Task details
Beginning with the line that contains "Womens Gold Polyester" in the material below, print each line exactly until the line that contains "팝콘을 자꾸 쏟아서 버렸더니 아들이 오열" has been printed, then stop.

Provided records

------------------------------------

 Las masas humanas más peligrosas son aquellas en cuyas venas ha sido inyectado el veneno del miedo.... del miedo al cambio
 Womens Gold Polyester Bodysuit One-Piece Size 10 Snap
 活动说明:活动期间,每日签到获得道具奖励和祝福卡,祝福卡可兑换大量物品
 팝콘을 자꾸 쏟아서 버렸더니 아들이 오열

------------------------------------

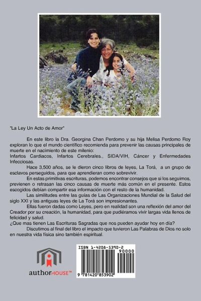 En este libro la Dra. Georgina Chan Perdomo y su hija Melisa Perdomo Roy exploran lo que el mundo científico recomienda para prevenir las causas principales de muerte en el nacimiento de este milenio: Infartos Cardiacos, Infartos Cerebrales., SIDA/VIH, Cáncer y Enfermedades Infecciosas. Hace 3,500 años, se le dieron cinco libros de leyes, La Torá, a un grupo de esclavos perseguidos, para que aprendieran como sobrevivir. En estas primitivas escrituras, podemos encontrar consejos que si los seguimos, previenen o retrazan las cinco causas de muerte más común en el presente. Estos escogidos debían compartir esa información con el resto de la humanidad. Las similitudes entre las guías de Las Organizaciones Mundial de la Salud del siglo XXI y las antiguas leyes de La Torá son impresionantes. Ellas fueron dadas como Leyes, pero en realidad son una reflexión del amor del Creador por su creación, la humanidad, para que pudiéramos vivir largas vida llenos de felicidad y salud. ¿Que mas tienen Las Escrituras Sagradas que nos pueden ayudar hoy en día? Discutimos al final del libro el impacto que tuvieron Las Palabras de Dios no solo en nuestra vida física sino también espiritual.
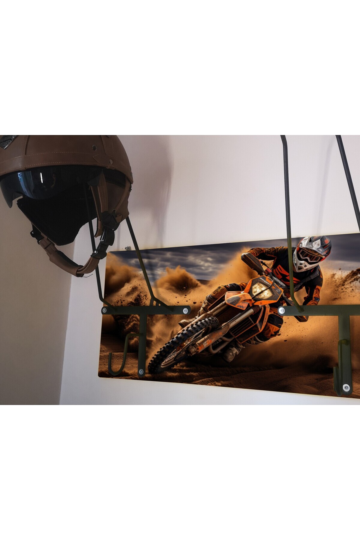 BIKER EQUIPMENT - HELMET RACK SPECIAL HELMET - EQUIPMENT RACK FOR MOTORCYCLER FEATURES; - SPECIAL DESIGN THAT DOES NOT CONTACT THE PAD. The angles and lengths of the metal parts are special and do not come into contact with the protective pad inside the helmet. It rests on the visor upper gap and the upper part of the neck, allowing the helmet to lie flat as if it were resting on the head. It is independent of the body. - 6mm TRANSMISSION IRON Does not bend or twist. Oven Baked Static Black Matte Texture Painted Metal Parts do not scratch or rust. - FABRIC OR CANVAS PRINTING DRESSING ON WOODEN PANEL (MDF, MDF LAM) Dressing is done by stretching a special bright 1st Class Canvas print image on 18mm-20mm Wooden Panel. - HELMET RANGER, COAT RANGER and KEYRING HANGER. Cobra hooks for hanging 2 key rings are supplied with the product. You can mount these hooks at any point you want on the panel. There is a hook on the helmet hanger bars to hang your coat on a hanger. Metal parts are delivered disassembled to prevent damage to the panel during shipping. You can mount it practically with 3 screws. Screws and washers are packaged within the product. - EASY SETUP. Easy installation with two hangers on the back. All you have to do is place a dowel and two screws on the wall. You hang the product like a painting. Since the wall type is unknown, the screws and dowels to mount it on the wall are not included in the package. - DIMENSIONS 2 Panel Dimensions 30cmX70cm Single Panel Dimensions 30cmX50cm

------------------------------------

Answer section
 Womens Gold Polyester Bodysuit One-Piece Size 10 Snap
 活动说明:活动期间,每日签到获得道具奖励和祝福卡,祝福卡可兑换大量物品
 팝콘을 자꾸 쏟아서 버렸더니 아들이 오열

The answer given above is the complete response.